Role: Software Engineer

Category: Coding & Algorithms

Difficulty: Medium

Interview Round: Onsite

You are given a set of syntax rules for a hypothetical programming language written in BNF/EBNF. Design data structures and algorithms that: ( 1) parse the grammar into an internal representation (terminals, nonterminals, productions, precedence/associativity); ( 2) detect issues such as left recursion, ambiguity, unreachable or non-productive symbols; ( 3) apply transformations (left-recursion elimination, left factoring) to enable efficient parsing; ( 4) compute FIRST/FOLLOW sets and determine whether the grammar is LL ( 1); if not LL ( 1), justify choosing LR ( 1), GLR, Earley, or PEG parsing and outline construction; ( 5) implement a lexer and parser that build an abstract syntax tree (AST) for input programs; ( 6) provide error reporting and recovery with expected-token hints; ( 7) support operator precedence and associativity declarations; ( 8) analyze time and space complexity for grammar processing and parsing, and discuss trade-offs; ( 9) optionally support incremental or streaming parsing. Provide pseudocode and explain your design choices.
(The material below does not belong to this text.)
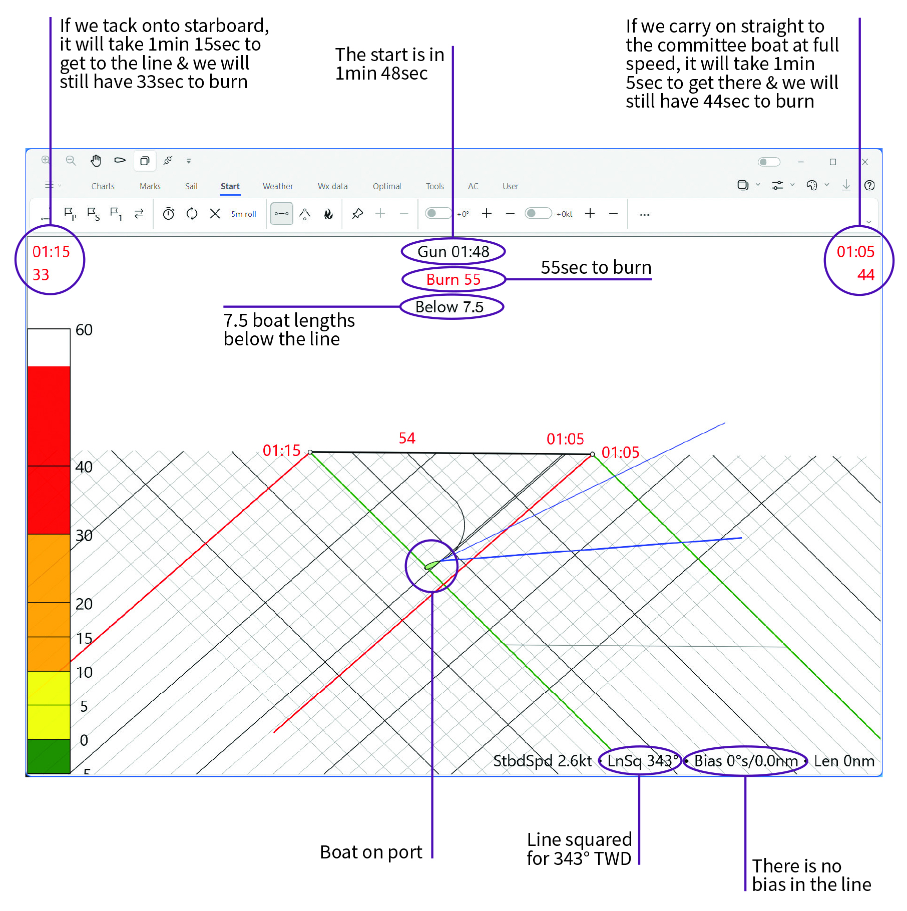 Basically, to understand how fast a boat can go from the current position to having the bow on the start line, the system needs to know all these things. And a single error in one of them will lead to a misleading burn time number.

Quick Answer: This question evaluates competency in compiler and language design, covering grammar analysis, parsing algorithms (LL/LR/GLR/Earley/PEG), lexer and parser implementation, AST construction, error reporting and recovery, operator precedence and associativity, and analysis of time/space trade-offs.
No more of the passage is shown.